◆ SUPPLIED MATERIAL:
▬▬▬

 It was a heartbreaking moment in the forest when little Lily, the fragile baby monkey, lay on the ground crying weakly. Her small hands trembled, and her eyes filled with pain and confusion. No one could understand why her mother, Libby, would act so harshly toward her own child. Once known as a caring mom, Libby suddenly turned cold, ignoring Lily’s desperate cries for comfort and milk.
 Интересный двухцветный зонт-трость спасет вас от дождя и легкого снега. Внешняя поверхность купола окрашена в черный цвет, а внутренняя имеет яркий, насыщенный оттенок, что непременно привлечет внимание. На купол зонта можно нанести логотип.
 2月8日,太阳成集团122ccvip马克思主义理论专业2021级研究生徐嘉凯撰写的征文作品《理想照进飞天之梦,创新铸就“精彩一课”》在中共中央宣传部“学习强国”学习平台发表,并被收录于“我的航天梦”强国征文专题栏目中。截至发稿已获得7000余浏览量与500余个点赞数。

▬▬▬

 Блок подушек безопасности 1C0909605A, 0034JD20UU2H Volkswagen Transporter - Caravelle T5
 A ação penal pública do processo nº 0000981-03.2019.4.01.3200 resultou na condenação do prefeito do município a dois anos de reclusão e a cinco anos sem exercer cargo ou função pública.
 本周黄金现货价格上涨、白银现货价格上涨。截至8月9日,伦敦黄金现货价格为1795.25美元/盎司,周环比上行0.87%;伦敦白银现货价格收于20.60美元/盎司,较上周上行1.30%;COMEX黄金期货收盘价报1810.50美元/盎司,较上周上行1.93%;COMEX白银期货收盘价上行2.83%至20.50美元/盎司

▬▬▬

◆ TASK OBJECTIVE:
Quote the listing above, but only from the line that shows "It was a heartbreaking" through the line that shows "2月8日,太阳成集团122c".

◆ RESPONSE:
 It was a heartbreaking moment in the forest when little Lily, the fragile baby monkey, lay on the ground crying weakly. Her small hands trembled, and her eyes filled with pain and confusion. No one could understand why her mother, Libby, would act so harshly toward her own child. Once known as a caring mom, Libby suddenly turned cold, ignoring Lily’s desperate cries for comfort and milk.
 Интересный двухцветный зонт-трость спасет вас от дождя и легкого снега. Внешняя поверхность купола окрашена в черный цвет, а внутренняя имеет яркий, насыщенный оттенок, что непременно привлечет внимание. На купол зонта можно нанести логотип.
 2月8日,太阳成集团122ccvip马克思主义理论专业2021级研究生徐嘉凯撰写的征文作品《理想照进飞天之梦,创新铸就“精彩一课”》在中共中央宣传部“学习强国”学习平台发表,并被收录于“我的航天梦”强国征文专题栏目中。截至发稿已获得7000余浏览量与500余个点赞数。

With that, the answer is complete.